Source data

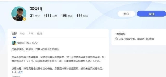 至于“病毒学家常荣山”自己也开了账号,名字就叫常荣山,认证为“病毒学家,生命演化探索者”。并没有注明工作单位及其它能证实其能成为病毒学家的内容。
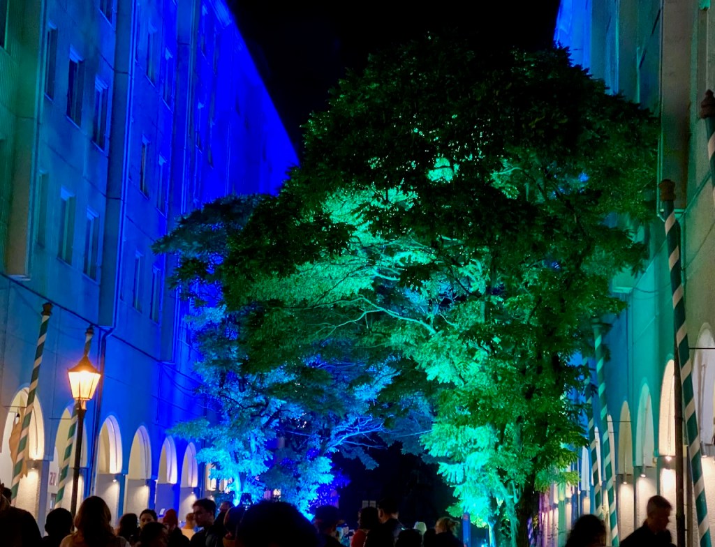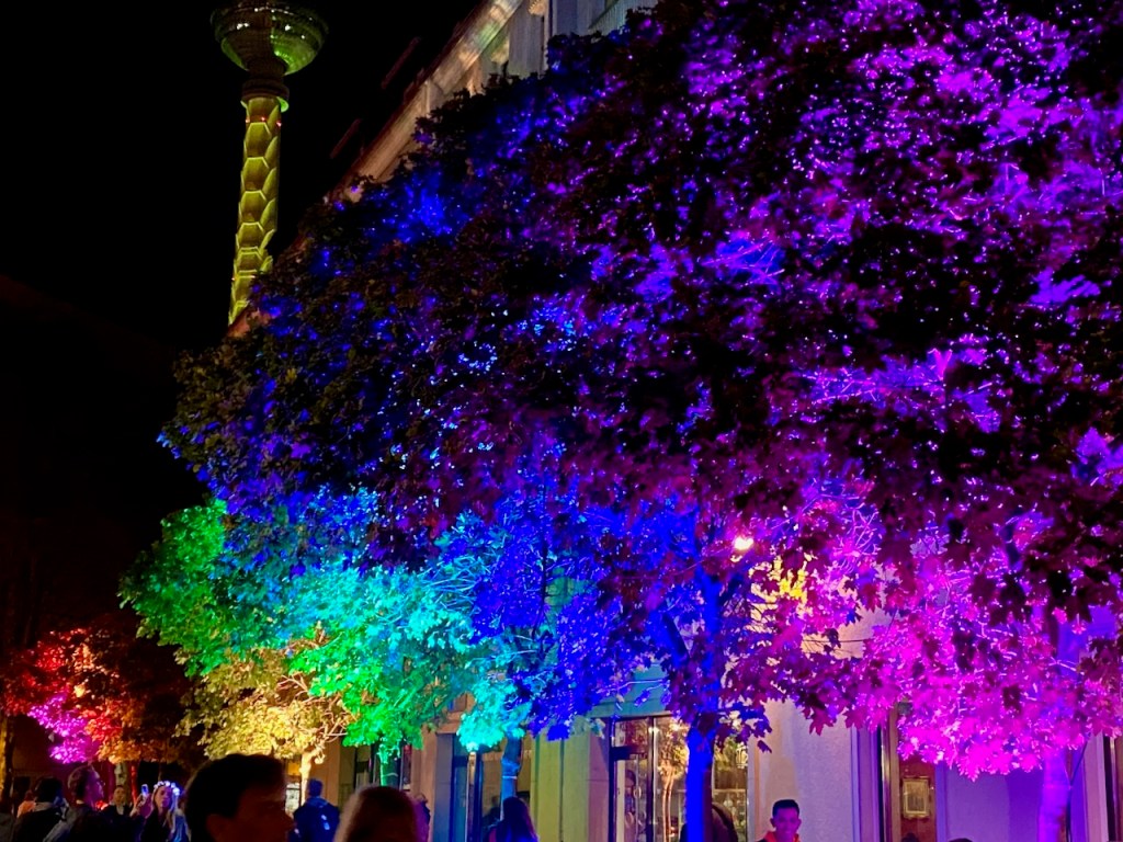 Nikolaiviertelin esitykset olivat hyvin toisenlaiset kuin Brandenburgin portin. Ei videoita vaan valoja ja valaistuja esineitä puita, joiden valaistus vaihtui koko ajan.
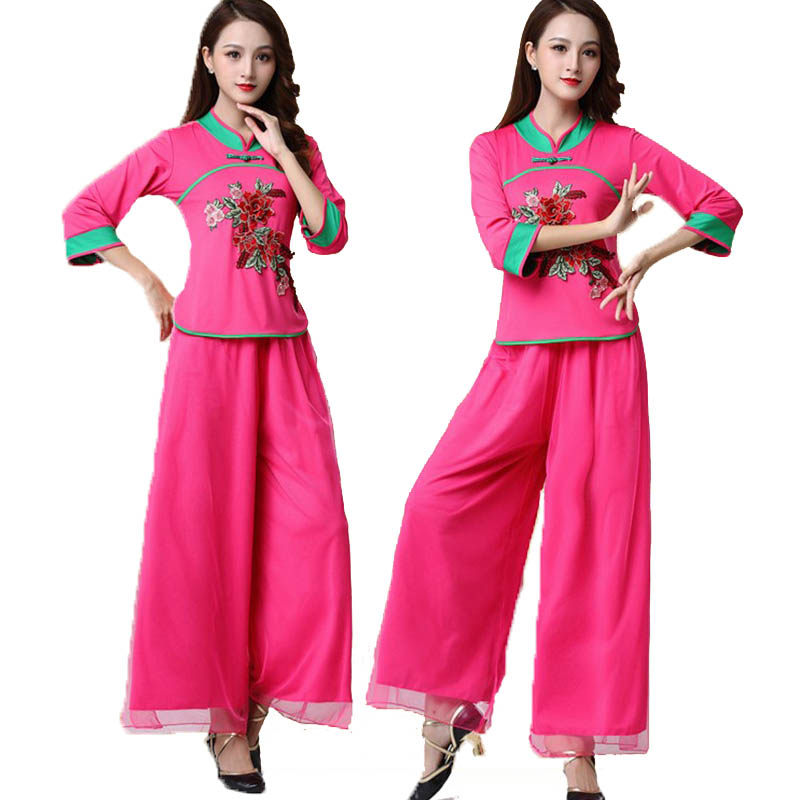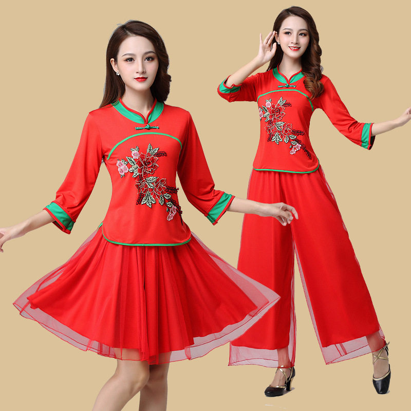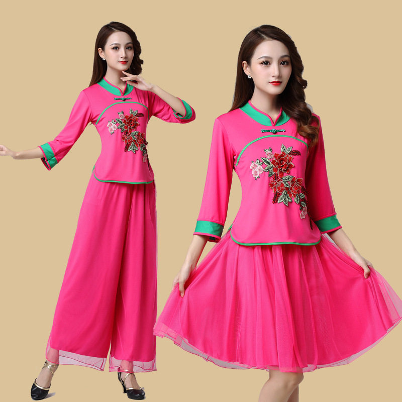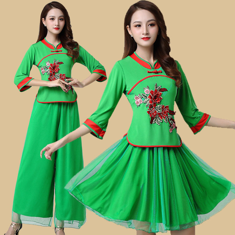 2020 new square dance costumes Spring and autumn suit female middle aged milk silk elastic large size to perform a dance suit
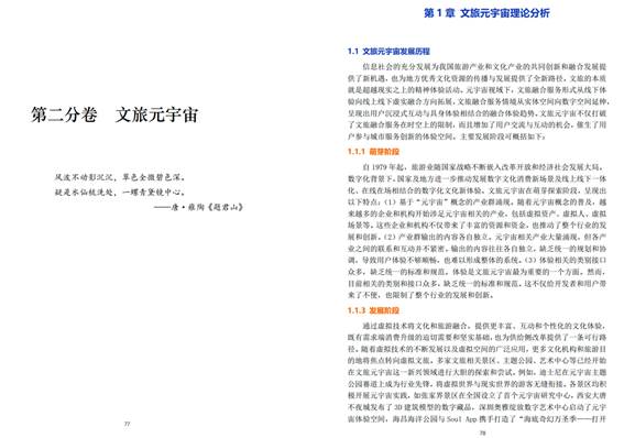 文旅元宇宙分卷认为文旅元宇宙是一种运用数字技术构建的虚拟现实空间,为用户带来了多重价值,涵盖了文化沉浸感、学习体验、娱乐和社交互动等方面。文旅元宇宙也是现阶段元宇宙产业发展和应用突破的先导领域,在未来发展中,应重视培养文旅元宇宙示范应用,充分发挥技术优势,不断完善技术支撑,不断探索新的商业模式和市场机会,借助文旅元宇宙为游客提供更加多样的文化旅游产品和服务。
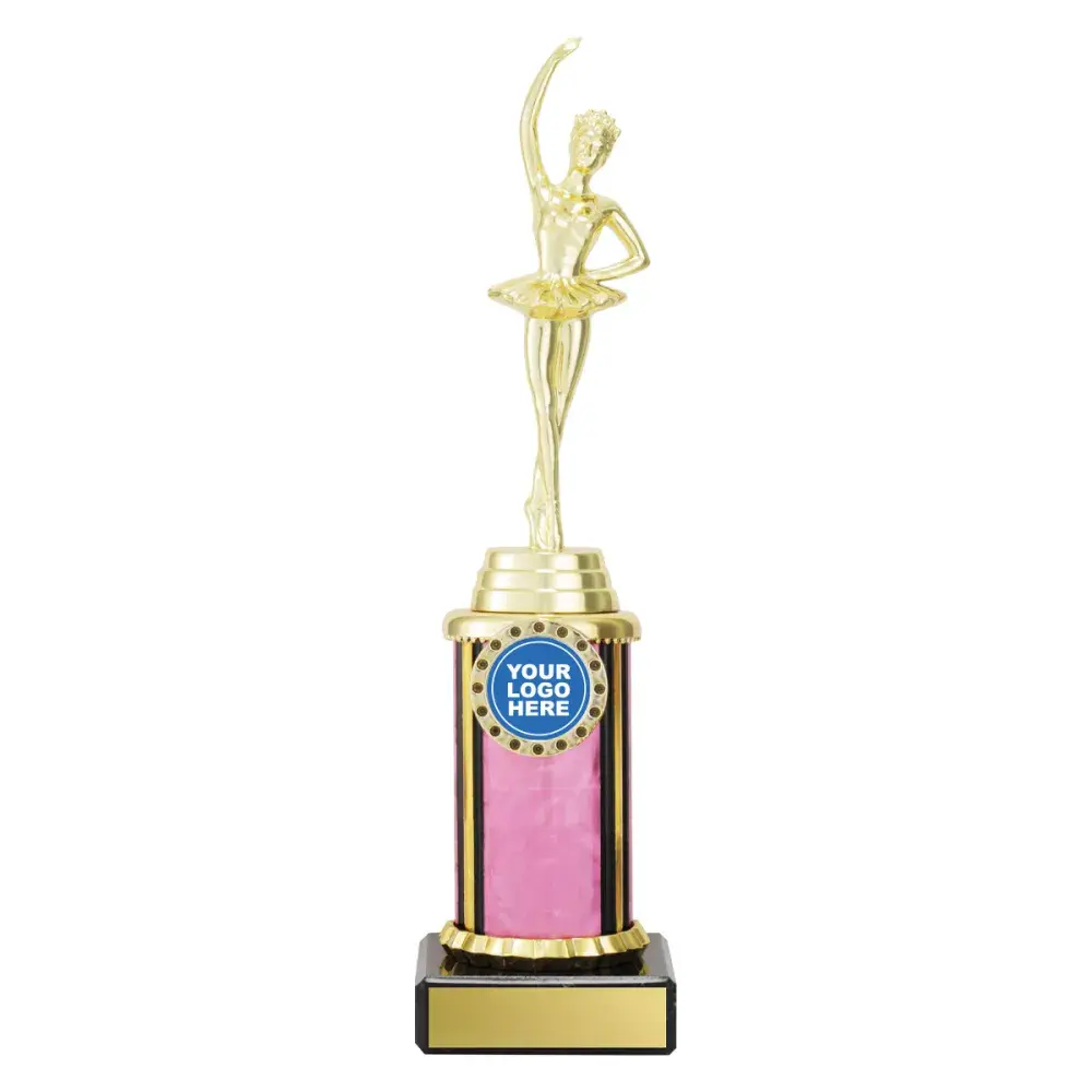 Perfect series of ballet trophies that can be used to show off your custom logo. Colour of column can be changed to suit your order. Interchange figures for your activity.

▸ **Goal of the exercise**:
Transcribe all of the data above verbatim but omit every picture.

▸ **Written answer**:
 至于“病毒学家常荣山”自己也开了账号,名字就叫常荣山,认证为“病毒学家,生命演化探索者”。并没有注明工作单位及其它能证实其能成为病毒学家的内容。
 Nikolaiviertelin esitykset olivat hyvin toisenlaiset kuin Brandenburgin portin. Ei videoita vaan valoja ja valaistuja esineitä puita, joiden valaistus vaihtui koko ajan.
 2020 new square dance costumes Spring and autumn suit female middle aged milk silk elastic large size to perform a dance suit
 文旅元宇宙分卷认为文旅元宇宙是一种运用数字技术构建的虚拟现实空间,为用户带来了多重价值,涵盖了文化沉浸感、学习体验、娱乐和社交互动等方面。文旅元宇宙也是现阶段元宇宙产业发展和应用突破的先导领域,在未来发展中,应重视培养文旅元宇宙示范应用,充分发挥技术优势,不断完善技术支撑,不断探索新的商业模式和市场机会,借助文旅元宇宙为游客提供更加多样的文化旅游产品和服务。
 Perfect series of ballet trophies that can be used to show off your custom logo. Colour of column can be changed to suit your order. Interchange figures for your activity.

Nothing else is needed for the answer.